I suspect that if we held all in positions of political power; be it at the School Board, City, County, State and Federal levels, to the standard that if they promised (threatened) to do or not do something unless something else was done or not done they would face the appointment of a special prosecutor we would have trouble finding enough special prosecutors to handle the workload. All one has to do is pay even cursory attention to the news flow and ample examples present themselves. Saying something is political is absurd on it’s face. Hell, everything that impacts elected officials is political. Such is our current political environment. Some here have called what Perry did blackmail while others might classify it as a promise, which by the way he fulfilled. The difference I suspect depends on ones own views and quite probably would be reversed if the political positions of the person in question were reversed..
Dogbert.
If the Professor can have typos; surely i can – dking this from my antiuated phone and auto text bots wacko.
Leej, what about when Squeekers here called northern Jews stupid? An across the board condemnation, yet she calls for Honor. I suppose she sees nothing at all wrong in her broad brush condemnation, we shall see her spin shortly.
There is nothing criminal about what the pres has done. The right and some of the left do not approve of all he has done, I don’t, many on the ‘left” here has said the same thing but that gets lost in the name calling and to go to the earlier posts you wrote about Muslims, and the refusal to see past the group and what is actually being said and written.
Obviously a grand jury found there was in Perry’s case. So there is a there there.
leejcaroll – remember there is no defense with a grand jury. Only the prosecutor puts forward their case. A decent prosecutor can get a ham sandwich indicted by the grand jury if they are half trying.
@leecarroll
If this was Obama being charged for abuse of power, the same people who are cheering for a Perry Perp Walk, would be hollering to high heaven about the criminalization of politics. That is why I say the things I do. It is wrong to use that power against Perry and it would be wrong to use it against Obama for similar situations.
Squeeky Fromm
Girl Reporter
Squeeky I don’t see if from the non rights, at least in this thread. In fact I and I believe someone else said yes I believe it is the right thing even if it was a dem gov.

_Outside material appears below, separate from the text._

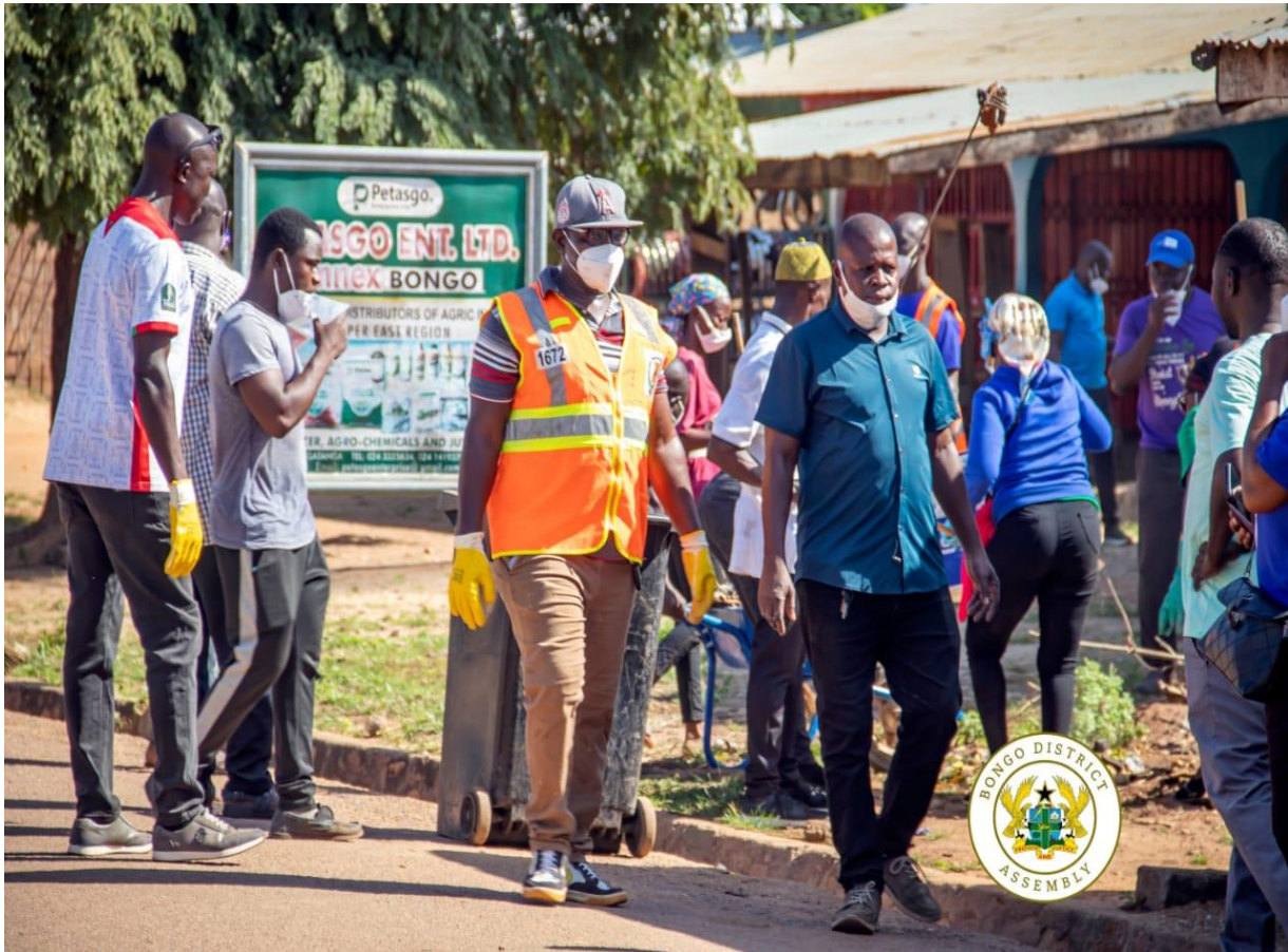
National Sanitation day clean-up exercise at Bongo, 4 th October, 2025

To me when you say the dems miss the point that is a problem You cannot have debate when one side (and this happens on both for sure) cannot see past their own viewpoint and therefore the other side is wrong completely, misses the point, etc.
Debate requires at least a modicum of willingness to see the point of the other guy.
I’m amazed anyone could doubt that Lehmberg was seriously intoxicated. In one video she fails a basic sobriety test, proving unable to track a flashlight with her eyes despite repeated attempts. Later she is seen kicking at the door of her detention room, eventually prompting the police to strap her down. She belligerently tells the officers they’re in trouble because her friend the sheriff will take her side. All this stuff is on YouTube; it’s not hard to find. Lehmberg later issued an apology for her conduct and pleaded guilty to DWI. The severity of her sentence reflects her very high blood alcohol content, almost four times the legal limit.
@John Oliver (@OurCivics)
Right!
Safelibraries,
So that’s what happens when you draw a red line with meaning.